Each result includes boolean flags and numeric confidence scores for 13 categories:

| Category                 | Description                                        |
| :----------------------- | :------------------------------------------------- |
| `sexual`                 | Sexual content                                     |
| `sexual/minors`          | Sexual content involving minors                    |
| `harassment`             | Harassing language toward any target               |
| `harassment/threatening` | Harassment that includes violence or serious harm  |
| `hate`                   | Hate speech based on protected characteristics     |
| `hate/threatening`       | Hate speech that includes violence or serious harm |
| `illicit`                | Content advising or describing illicit acts        |
| `illicit/violent`        | Illicit content involving violence or weapons      |
| `self-harm`              | Content promoting or depicting self-harm           |
| `self-harm/intent`       | Expressed intent to engage in self-harm            |
| `self-harm/instructions` | Instructions for committing self-harm              |
| `violence`               | Content depicting violence toward a person         |
| `violence/graphic`       | Graphic depictions of death, violence, or injury   |

The `flagged` field is `true` when **any** category exceeds the default threshold.
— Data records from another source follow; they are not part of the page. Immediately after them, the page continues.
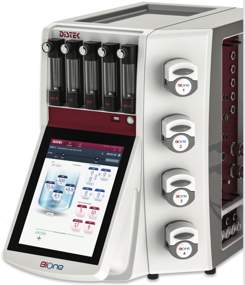 Distek has revolutionized benchtop scale bioreactors with their BIOne bioprocess control station for both mammalian and microbial models. The sleek appearance and intuitive touchscreen interface are only the beginning. The BIOne controller can seamlessly transition between traditional glass reactors and their BIOne single-use system. Easy to use, the BIOne bioprocess control station is powerful enough to develop processes at the benchtop scale. Designed to fit your needs, the BIOne controller can be customized to conform to your lab design: rotameters or auto flow control, left or right side setup, optical pH or standard, smart sensors or standard sensors and much more.
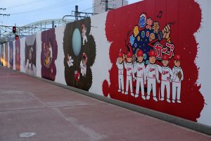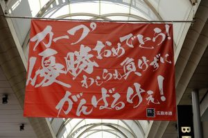 広島駅の北口に、カープのセ・リーグ連覇、V8を祝う巨大なパネルが設置されていましたが、「2017 マツダ クライマックスシリーズ セ ファイナルステージ」の開始に合わせ、張り替えられていました。
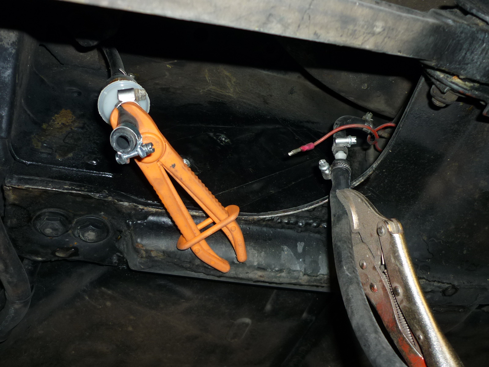 Der Benzinschlauch geht vom Tank in die Benzinleitung, die durch den Ramentunnel geht.
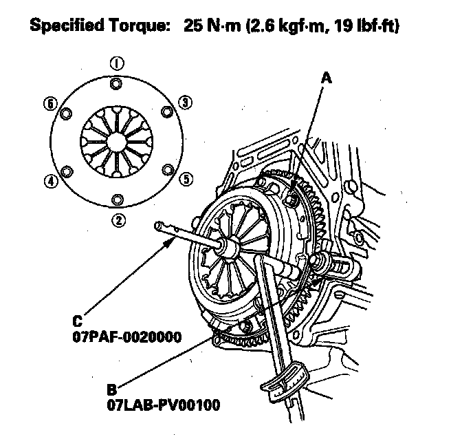 FlywheelTorque the flywheel mounting bolts (B) in a crisscross pattern in several steps.
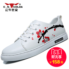 公牛世家男鞋2017春季新款男士板鞋休闲鞋百搭小白鞋印花潮流鞋子
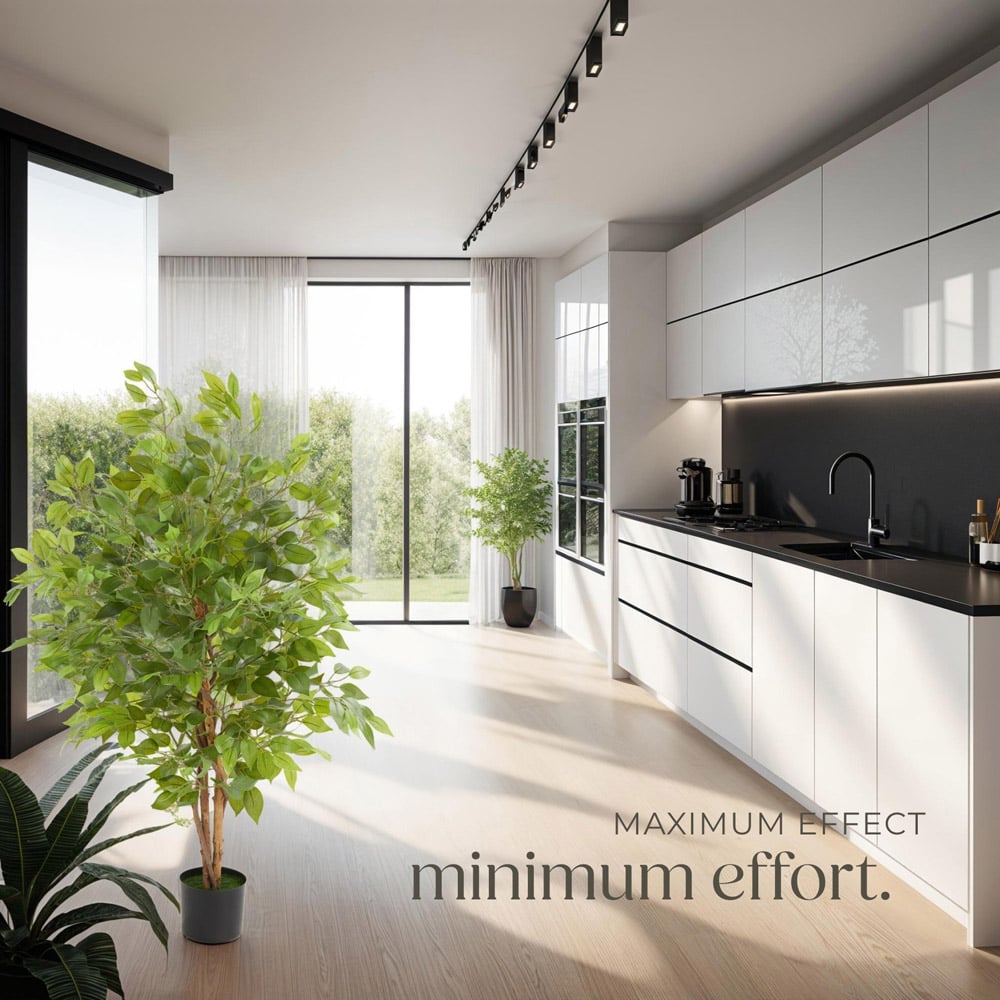 Bring the beauty of nature indoors effortlessly with the Artificial Plant - Ficus Tree, a stunning addition that combines lifelike detail and low-maintenance convenience. Standing at an impressive 120cm, this artificial Ficus tree, named Fida, features a dense volume of leaves and intricately twisted branches that mimic the natural growth patterns of a real tree. Its robust and realistic texture adds a vibrant touch to any room, enhancing the atmosphere without the hassle of regular upkeep. Delivered in a sturdy pot, it offers versatile placement options and remains fresh-looking year after year, making it an ideal choice for both home and office settings where a touch of green is desired without the commitment to care.
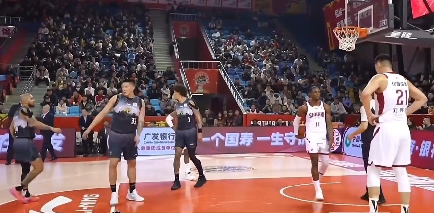 山西男篮从第三节后半段开始,潘江直接启用了全华班,比赛也彻底变成了练兵时间。
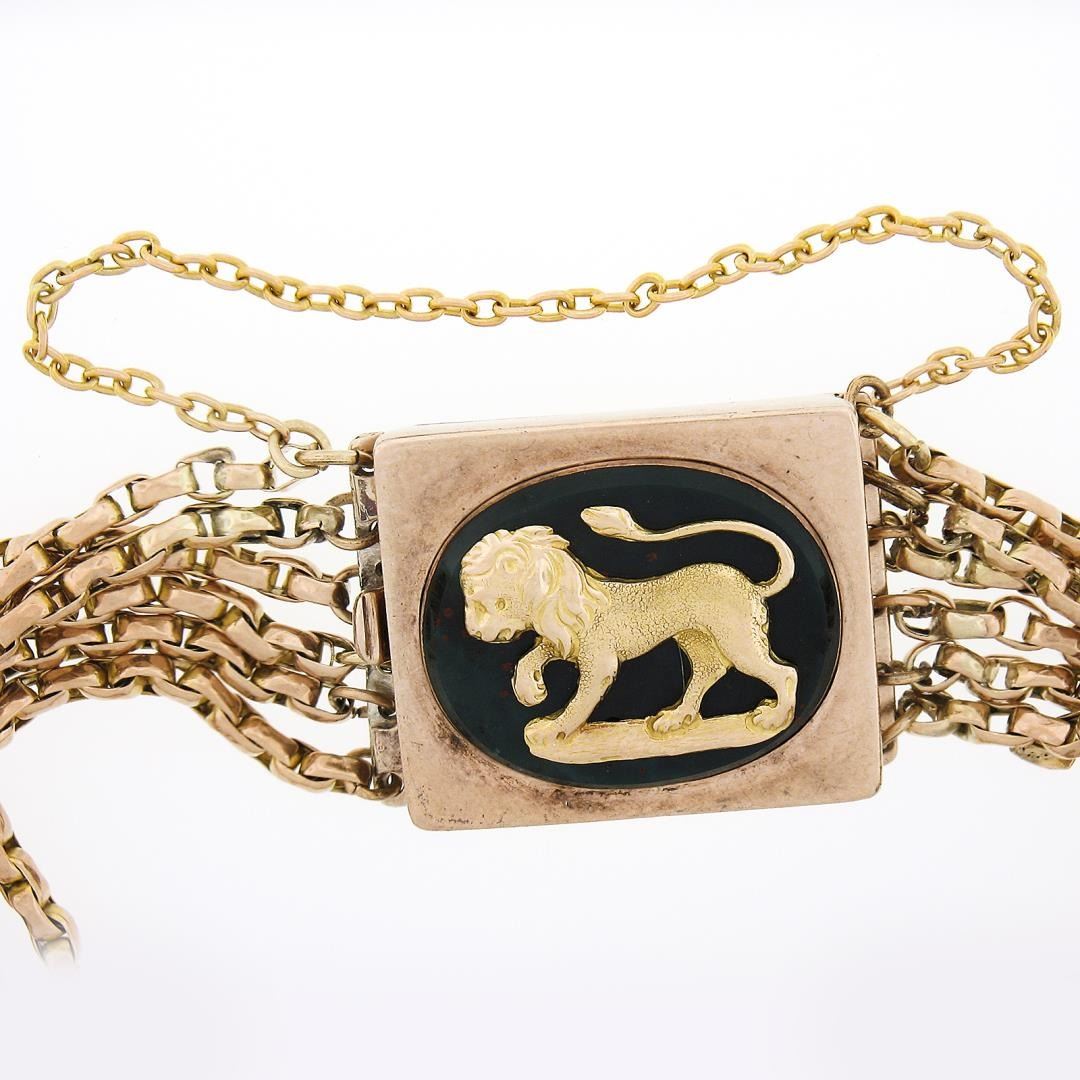 An antique solid 10k yellow gold bracelet. with 1 oval cut natural bloodstone (19.25x15.8mm). It weighs a total of 19.86 grams, measures 17.9mm wide, and measures 7 inches in length.
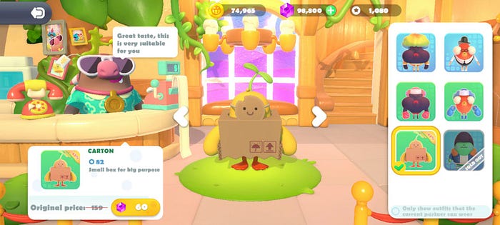 Among the costumes in the PuffGo Store, there are 2 different gears — Level S and Level A. Note that the costumes in different gears will be valued diversely with corresponding Luck Value. The prices to trade** Level S costumes are 299 Diamonds per piece** and 159 Diamonds per piece for Level A costumes . You can notice that Level S costumes are rarer with higher Luck Value than Level A costumes, which is 282 Luck Value for each Level S costume and 158 Luck Value for each Level A costume . Please check here for the details of the Luck Value boost.
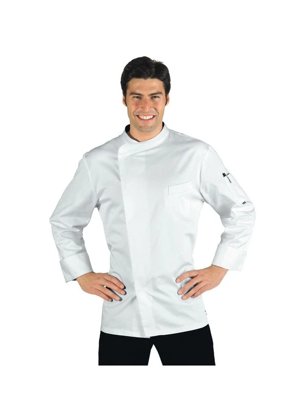 Pratique grâce à ses boutons pressions, cette veste de cuisine homme dispose aussi de deux poches : 1 poche poitrine et 1 poche stylo sur la manches gauche.
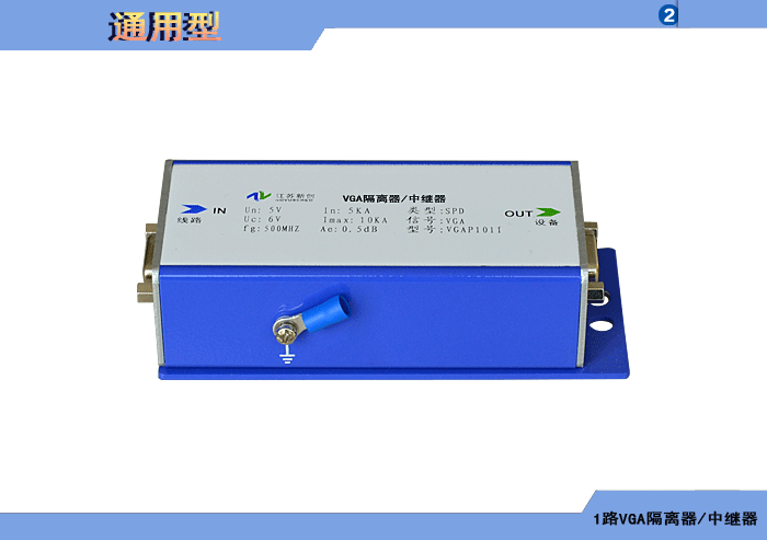 1路VGA隔離器(中繼器),最大隔離電壓2500/5000Vrms,內置5/10KA浪涌保護器可選,獨立/冗余供電,壁掛,通用型 |
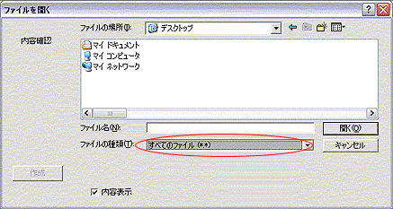 | | Step 2-2 「ファイルの種類」のプルダウンメニューから「すべてのファイル」を選択してください。 |
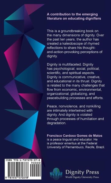 A contribution to the emerging literature on educating dignifiers. This is a groundbreaking book on the many dimensions of dignity. Over the past ten years, the author has created a kaleidoscope of rhymed reflections to share his thought-and-action-provoking perceptions of dignity. Dignity is multifaceted. Dignity has psychological, social, political, scientific, and spiritual aspects. Dignity is communicative, creative, and educational in its thrust. Dignity is related to the many challenges that flow from economic, environmental, organizational, globalizing, and peace-building processes and efforts. Peace, nonviolence, and nonkilling are intimately intertwined with dignity. And dignity is violated through processes of humiliation and degradation. Francisco Cardoso Gomes de Matos is a peace linguist and educator. He is professor emeritus at the Federal University of Pernambuco, Recife, Brazil.
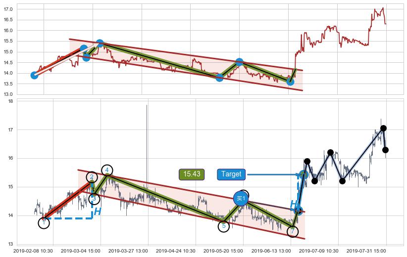 从2019-05-24 14:00至2019-06-14 10:30,共包含82个小时,阶段股价下跌-2.20%,阶段股价变动位移路程比: 1 : 14
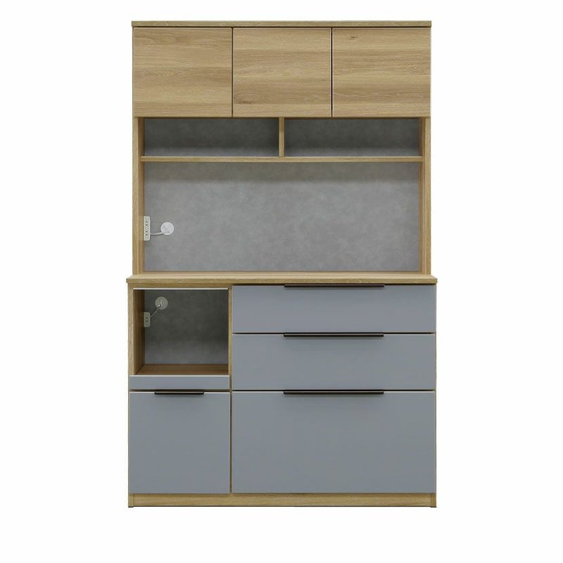 マットなグレーとナチュラルな木目調が印象的なツートンカラー。調理器具なども置ける大容量です。
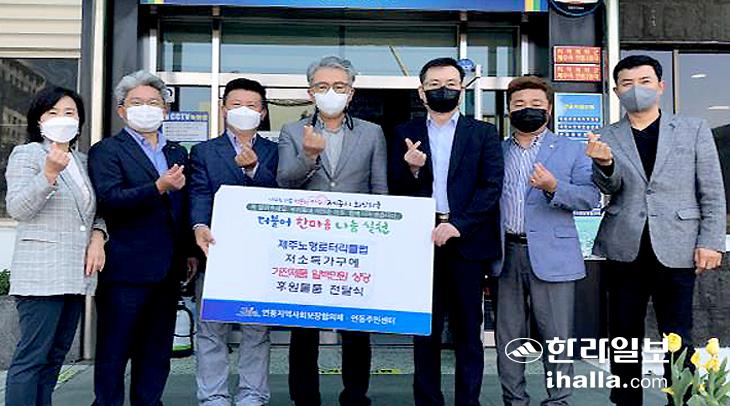 제주노형로타리클럽(회장 김성남)은 지난 13일 제주시 연동주민센터를 방문해 연동지역사회보장협의체(위원장 김상현)와 함께 최근 주거환경개선사업을 실시한 저소득가구에 100만원 상당의 가전제품을 전달했다.

Use `category_scores` (0–1 confidence values) to set custom thresholds for your application.

## AILuminate

Both endpoints include an `ailuminate` object with safety classifications based on the [AILuminate benchmark](https://ailuminate.mlcommons.org/) by MLCommons, providing more granular signals beyond the standard OpenAI categories.

| Field        | Type      | Description                                                                |
| :----------- | :-------- | :------------------------------------------------------------------------- |
| `safety`     | `string`  | Overall assessment: `"safe"`, `"unsafe"`, or `"controversial"`             |
| `categories` | `object`  | 12 fine-grained safety categories                                          |
| `extensions` | `object`  | Additional signals: `politically_sensitive`, `unethical_acts`, `jailbreak` |
| `refusal`    | `boolean` | Whether the content represents a refusal to comply                         |

The `safety` field classifies content into three levels. `"safe"` content is benign. `"unsafe"` content is clearly harmful and always sets `flagged: true`. `"controversial"` content falls in between — it may touch sensitive topics without being explicitly harmful. By default, `"controversial"` content is treated as safe and does not set `flagged: true`. For stricter moderation, treat `"controversial"` the same as `"unsafe"`.

**AILuminate categories:** `violent_crimes`, `sex_related_crimes`, `child_sexual_exploitation`, `suicide_self_harm`, `indiscriminate_weapons`, `intellectual_property`, `defamation`, `non_violent_crimes`, `hate`, `specialized_advice`, `privacy`, `sexual_content`

The `jailbreak` extension is particularly useful for detecting prompt injection attempts before they reach your LLM.

## Best practices

* **Screen both inputs and outputs.** Run moderation on user prompts before sending them to the model and on model responses before displaying to users.
* **Use `category_scores` for custom thresholds.** The `flagged` boolean uses default thresholds. For your application, you may want stricter thresholds for certain categories (e.g., `sexual/minors`) and more permissive ones for others.
* **Use `scope: "last"` for real-time chat.** Only broaden to `"all"` or `N` when you need full-conversation safety audits and can tolerate higher latency.
* **Batch text inputs.** When moderating multiple pieces of content, pass an array to `/v1/moderations` instead of making separate requests.
* **Combine with other safety layers.** Moderation should be one part of your safety strategy alongside system prompts, output filtering, and human review.